Paparan tersebut diungkapkan Rektor Universitas Muria Kudus (UMK), Prof. Darsono, terkait rekonsiliasi politik pascapemilu 2024. Darsono hadir menjadi salah satu narasumber dalam “Dialog Indonesia Bicara” di salah satu stasiun televisi, Sabtu (16/03) petang.
“Sehingga bisa saya kategorikan dalam dua terminologi. Pertama terminologi dalam layer elit dan terminologi dalam layer grassroot. Nah dugaan saya yang jadi persoalan itu adalah di layer yang elit,” ujar Prof. Darsono.
Selanjutnya dalam konteks resiliensi, kata Darsono, yang menjadi persoalan ada dua hal khususnya di layer elit. Pertama yakni kesadaran untuk mau meresiliensi, dan yang kedua adalah keterterimaan untuk mau beresiliensi.
Sementara itu, dosen Hukum Tata Negara Fakultas Hukum Universitas Indonesia yang juga Peneliti Kepemiluan, Titi Anggraini, menambahkan bahwa rekonsiliasi ada dua jalur, yakni jalur politik dan jalur hukum.
Dalam rekonsiliasi jalur hukum, kata Titi, maka pihak yang merasa hak-haknya dicederai, kemudian mendapatkan jalur formal untuk menyelesaikan ketidakpuasan dan lain sebagainya.
“Kedua adalah jalur politik, dimana peran elit dalam membangun edukasi politik kepada publik soal siap menang dan siap kalah. Namun jalur politik ini harus selaras dengan keyakinan bahwa Pemilu berjalan dengan luber dan jurdil (langsung, umum, bebas, rahasia, jujur dan adil),” jelasnya.
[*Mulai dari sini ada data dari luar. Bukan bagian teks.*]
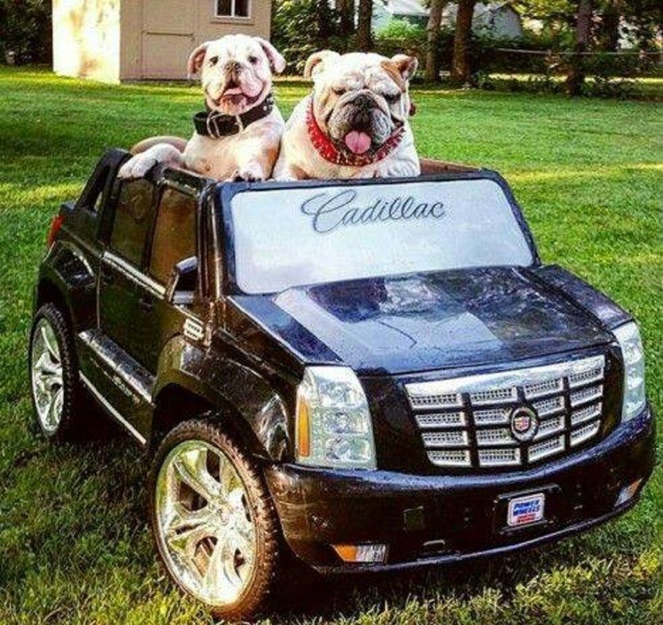 toile voiture automobile moyen de transport bulldog bully couple duo fratrie famille jeu jouet cadillac bully
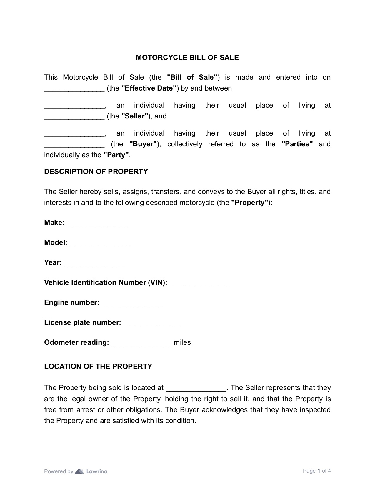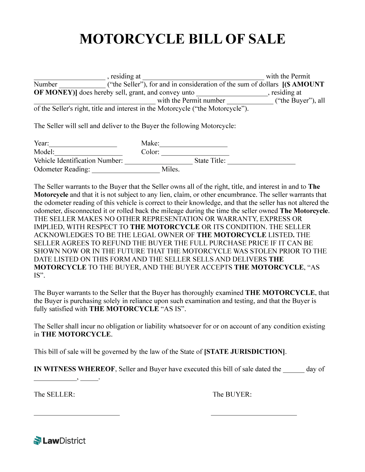 Free Printable Motorcycle Bill Of Sale
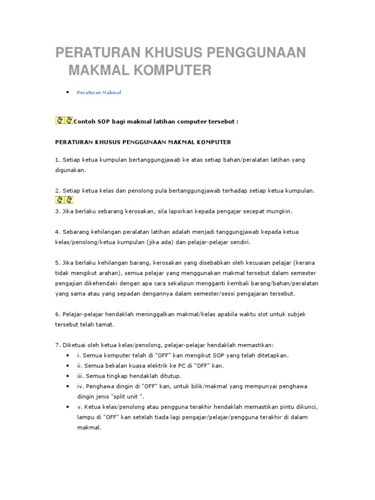 Peraturan Khusus Penggunaan Makmal Komputer Pdf
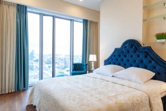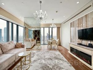 Угловой апартамент с камином в башне "ОКО" Москва-Сити! Включает просторную гостиную с кухней-баром, холл, гостевой санузел, 1 спальню, основной санузел с панорамной ванной. С окна открывается замечательный вид на башни Москва-Сити с одного угла и на город — с другого угла!
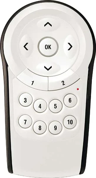 10-Kanal IR-Fernbedienung. Zur Ansteuerung aller TELE-Sensorflächen, Jalousie-Taster mit IR-Empfänger, Präsenzmelder mit IR-Empfänger und KNX-Geräte mit IR-Empfänger. Batterie 2 Microzellen (IEC LR 03, AAA). Reichweite bis zu 12 m. Lieferumfang Ohne Batterie. Farbe weiß/schwarz.
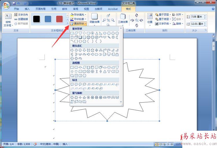 6、文本框形狀:通常情況我們只編輯文本內容,很少知道編輯文本框形狀。如果作為一篇文案演示,沒有PPT,我么也可以用word2007做出很好的展示效果。如圖所示
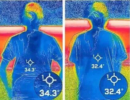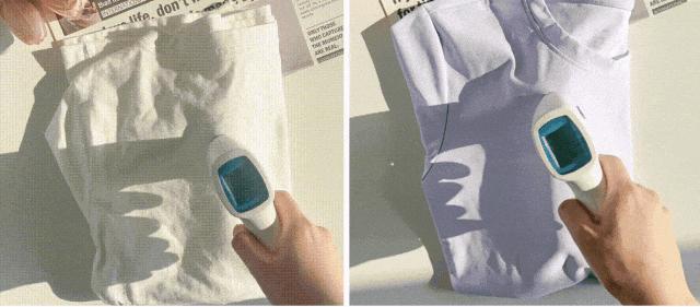 同事上身親測,穿上涼感T恤和純棉涼感T恤,同時站在陽光下暴曬5分鐘:
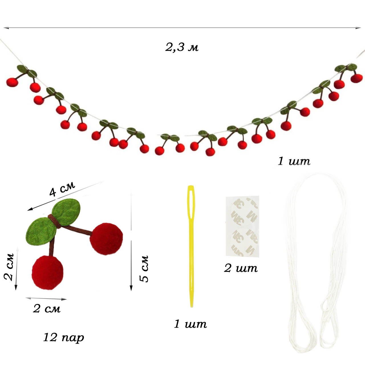 Гирлянда на веревке "Вишенки" 2,3 м, красный
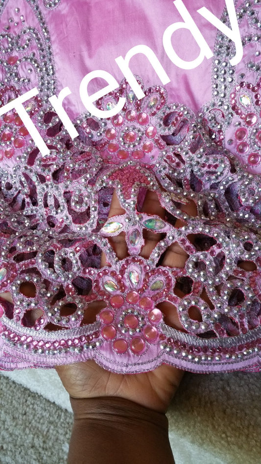 • Ausverkauf: George-Umschlag aus Taftseide mit lila Stickereien und Steinsteinen für nigerianische Frauen. 5 Yards Umhüllung + 1,8 Yards passendes Netz für Bluse. Verkauft als Set. Stickereien/Perlen und Steinarbeiten. Small-George, aso-ebi George
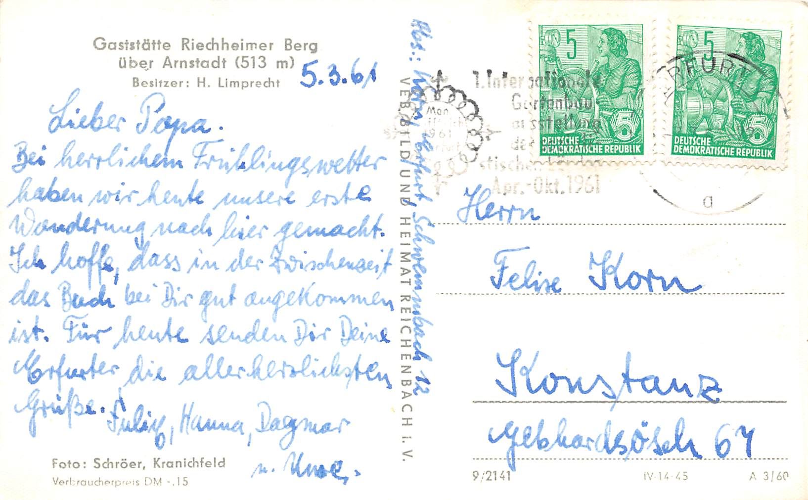 Arnstadt gaststätte Riechheimer Berg gl1961 177.897
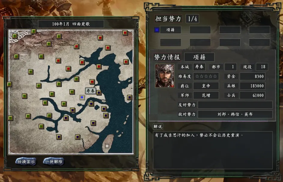 玩家使用的項羽勢力,初始軍師是范增,武將人數 18 名。除了項羽之外,還有樂毅和宇文泰這樣的名將,還有項梁率領的西楚政權武將,以及幾位具有不同功能性的武將共同構成了初始項羽勢力的武將。
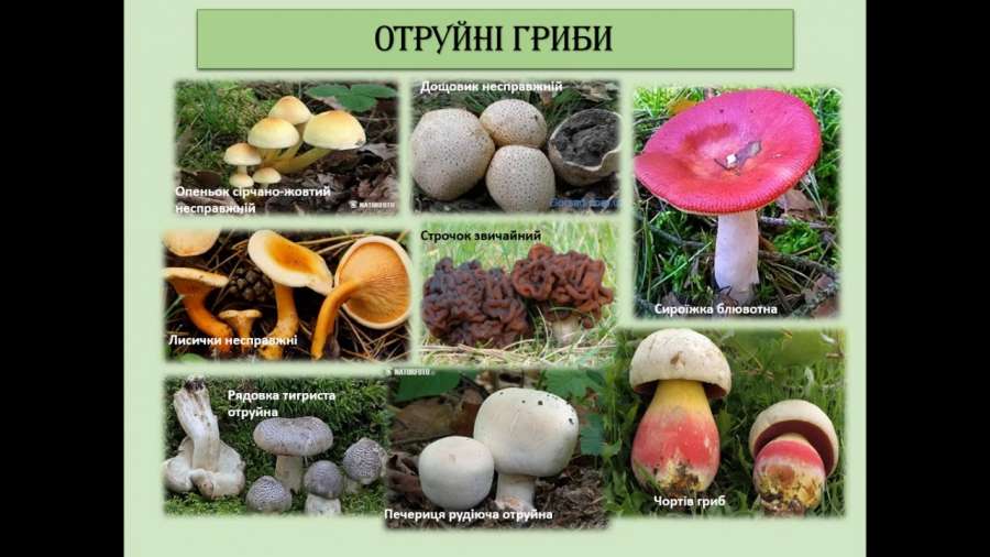 Симптоми грибного отруєння різні, найбільш отруйними є токсини блідої поганки, мухоморів білого і смердючого і деяких інших грибів.
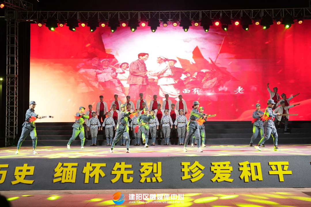 建陽青松合唱團團長劉恩明:“我們帶來了紅歌聯唱《彈起我心愛的土琵琶》《大刀進行曲》,還有《毛主席話兒記心上》,最后一首是《軍民大生產》。今天的幸福生活來之不易,希望我們的年輕人記住國恥,努力工作,為我們的國家貢獻力量。” 本場活動以“銘記歷史、緬懷先烈、珍愛和平、開創未來”為主題,精心設置了《苦難吶喊》《烽火抗戰》《赤子情懷》《時代回響》四個篇章,通過小組唱、舞蹈、詩朗誦、歌舞情景表演、合唱、宣講等藝術形式再現閩北抗戰歷史,緬懷先烈、致敬英雄,弘揚抗戰精神。

Dalam kesempatan yang sama, peneliti politik Badan Riset Inovasi Nasional (BRIN), Wasisto Raharjo Jati mengungkapkan, bahwa rekonsiliasi yang paling utama adalah bagaimana mampu merestorasi lagi hubungan yang retak selama Pemilu.
Tentu saja rekonsiliasi itu, imbuh Wasisto, harus disertai dengan aturan atau norma yang perlu disepakati bersama. Artinya, di tingkat elit maupun public, mereka harus mempunyai aturan yang dihasilkan dari hasil kesepakatan pascakonsiliasi.
“Jadi, disini yang paling penting itu bagaimana semua pihak yang kemarin itu betikai, berkompetisi, berkontestasi bisa merumuskan hal baru yang itu disepakati bersama,” jelasnya.
Di sisi lain, Direktur Jenderal Informasi dan Komunikasi Publik Kementerian Komunikasi dan Informatika (Kominfo), Usman Kansong berharap, rekapitulasi suara pada 20 Maret mendatang menjadi satu stage memunculkan kepastian hasil pemilu di tingkat pertama.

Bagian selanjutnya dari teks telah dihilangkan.